RECORD EXCERPTS ->
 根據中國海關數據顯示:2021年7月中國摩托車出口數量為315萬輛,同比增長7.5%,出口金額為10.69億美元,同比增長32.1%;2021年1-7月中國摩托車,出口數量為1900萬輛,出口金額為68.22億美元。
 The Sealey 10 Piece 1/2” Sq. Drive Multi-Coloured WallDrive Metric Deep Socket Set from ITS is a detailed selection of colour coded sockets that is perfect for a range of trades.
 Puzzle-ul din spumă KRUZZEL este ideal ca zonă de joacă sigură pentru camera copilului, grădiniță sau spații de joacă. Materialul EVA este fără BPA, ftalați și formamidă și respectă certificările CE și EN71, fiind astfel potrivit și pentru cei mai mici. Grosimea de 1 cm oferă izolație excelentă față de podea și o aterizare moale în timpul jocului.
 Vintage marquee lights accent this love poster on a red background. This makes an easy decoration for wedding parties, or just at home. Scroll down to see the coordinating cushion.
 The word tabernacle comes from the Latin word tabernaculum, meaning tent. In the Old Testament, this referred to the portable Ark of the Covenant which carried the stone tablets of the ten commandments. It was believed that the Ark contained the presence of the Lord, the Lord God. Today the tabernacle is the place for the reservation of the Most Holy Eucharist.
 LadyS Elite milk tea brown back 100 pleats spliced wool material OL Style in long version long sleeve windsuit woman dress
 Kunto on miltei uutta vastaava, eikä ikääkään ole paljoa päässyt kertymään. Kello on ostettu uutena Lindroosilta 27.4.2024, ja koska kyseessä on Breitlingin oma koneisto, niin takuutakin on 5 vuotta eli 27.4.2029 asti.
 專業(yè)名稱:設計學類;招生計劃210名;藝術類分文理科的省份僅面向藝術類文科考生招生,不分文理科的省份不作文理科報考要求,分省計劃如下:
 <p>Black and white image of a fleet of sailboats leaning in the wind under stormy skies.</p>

--

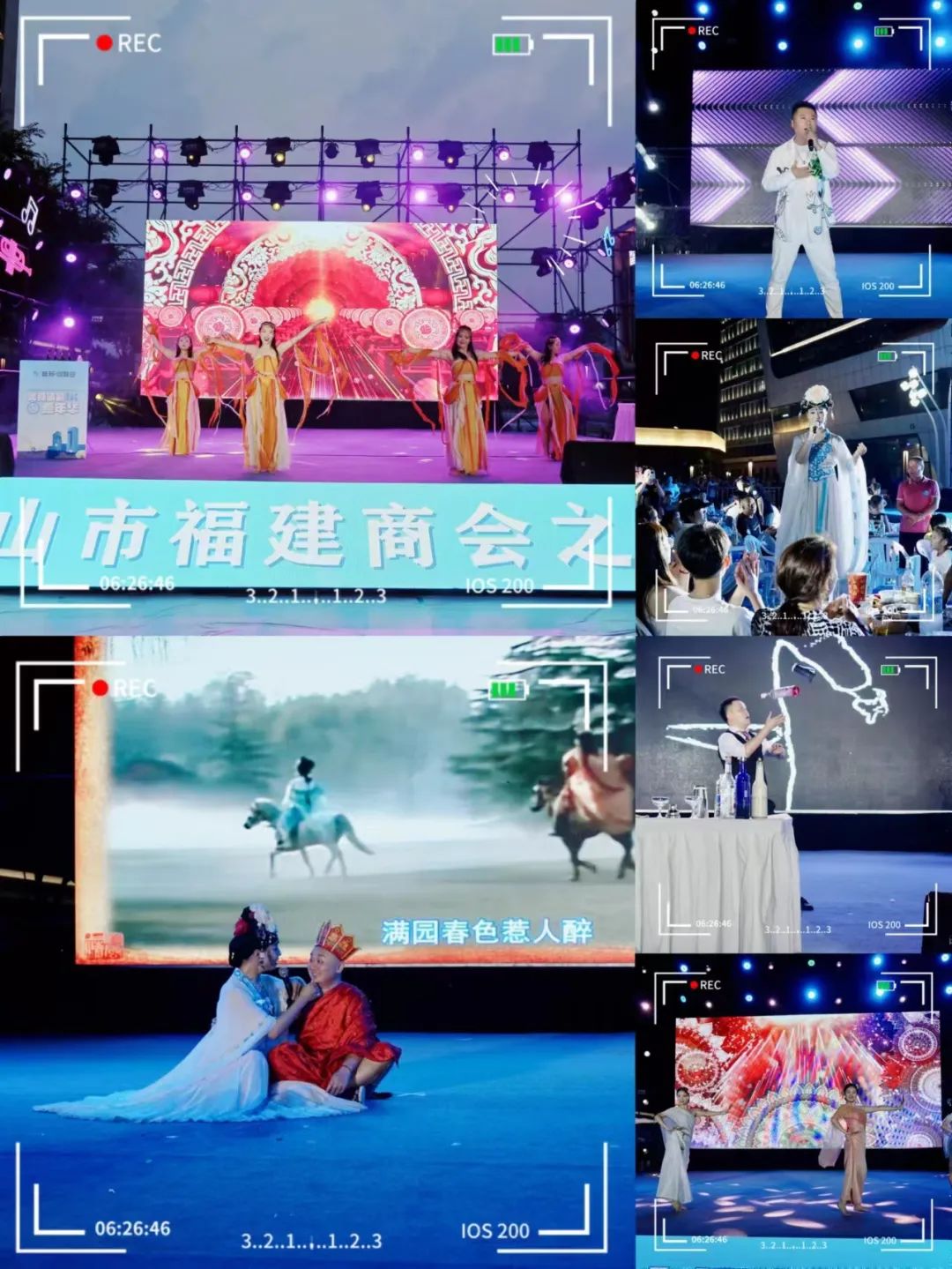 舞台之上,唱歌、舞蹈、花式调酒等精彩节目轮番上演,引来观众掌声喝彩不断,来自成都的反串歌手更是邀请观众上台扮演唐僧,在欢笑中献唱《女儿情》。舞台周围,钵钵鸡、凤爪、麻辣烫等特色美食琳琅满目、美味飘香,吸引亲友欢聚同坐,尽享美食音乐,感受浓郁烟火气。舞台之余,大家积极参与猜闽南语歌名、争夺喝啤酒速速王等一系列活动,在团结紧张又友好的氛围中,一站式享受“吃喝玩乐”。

TASK BRIEF ->
Begin with the line that has "根據中國海關數據顯示:202" in the listing above and end after the line that has "LadyS Elite milk"; output those lines exactly.

THE COMPLETED TASK ->
 根據中國海關數據顯示:2021年7月中國摩托車出口數量為315萬輛,同比增長7.5%,出口金額為10.69億美元,同比增長32.1%;2021年1-7月中國摩托車,出口數量為1900萬輛,出口金額為68.22億美元。
 The Sealey 10 Piece 1/2” Sq. Drive Multi-Coloured WallDrive Metric Deep Socket Set from ITS is a detailed selection of colour coded sockets that is perfect for a range of trades.
 Puzzle-ul din spumă KRUZZEL este ideal ca zonă de joacă sigură pentru camera copilului, grădiniță sau spații de joacă. Materialul EVA este fără BPA, ftalați și formamidă și respectă certificările CE și EN71, fiind astfel potrivit și pentru cei mai mici. Grosimea de 1 cm oferă izolație excelentă față de podea și o aterizare moale în timpul jocului.
 Vintage marquee lights accent this love poster on a red background. This makes an easy decoration for wedding parties, or just at home. Scroll down to see the coordinating cushion.
 The word tabernacle comes from the Latin word tabernaculum, meaning tent. In the Old Testament, this referred to the portable Ark of the Covenant which carried the stone tablets of the ten commandments. It was believed that the Ark contained the presence of the Lord, the Lord God. Today the tabernacle is the place for the reservation of the Most Holy Eucharist.
 LadyS Elite milk tea brown back 100 pleats spliced wool material OL Style in long version long sleeve windsuit woman dress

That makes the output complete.